The Supreme Court noted three types of specification of goods or services that might legitimately lead to an inference of bad faith. First, if there are long lists of goods or services that include some items that seem completely out of kilter with the applicant's business and the general thrust of the application (in this case, examples given were bleaching preparations, insulation materials, and whips). Secondly, there are some categories of goods or services that are just so broad that a registrant would never contemplate using its full range, and so a sub-set should usually be identified (examples given were "computer software" or "telecommunications services" in general). Thirdly, the specification of a whole Nice class of goods or services is likely to seem unrealistically broad. The way that the proprietor acts post-registration can also be relevant – for example, enforcing its trade mark against third parties in respect of a broader range of goods or services than it is using the mark for itself.

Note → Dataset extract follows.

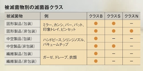 オートクレーブは一般の歯科外来診療所では今や必須の滅菌器ですが、滅菌可能な対象物によってその能力に違いがあることについては、ほとんど知られていません。クラス分けされたヨーロッパの基準については下記の表をご覧下さい。
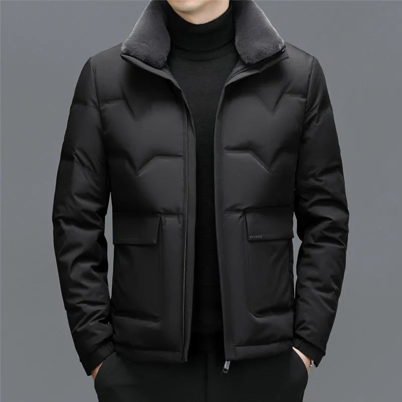 Gear up for winter in style with the Franklin Coat. Designed for warmth and versatility, this casual business coat features a detachable white duck down collar. Embrace the season with this winter essential, ensuring both comfort and a polished look.

Brand-owners are advised to contact their trade mark advisers to consider the implications of the Supreme Court's judgment for their own portfolios and approach going forward. For existing registrations that arguably have over-broad classes of goods or services, there may be a vulnerability to a counter-claim for invalidity when it comes to enforcing the mark through the courts. This could have implications in terms of costs and reputational damage, although the most important elements of the mark should survive and be enforceable (i.e. it should be possible to show use or a reasonable likelihood of doing so for those elements). But likewise, if you are faced with a competitor looking to enforce against you a trade mark with over-broad specification of goods or services then you may be able to threaten a "bad faith" counter-claim for invalidity.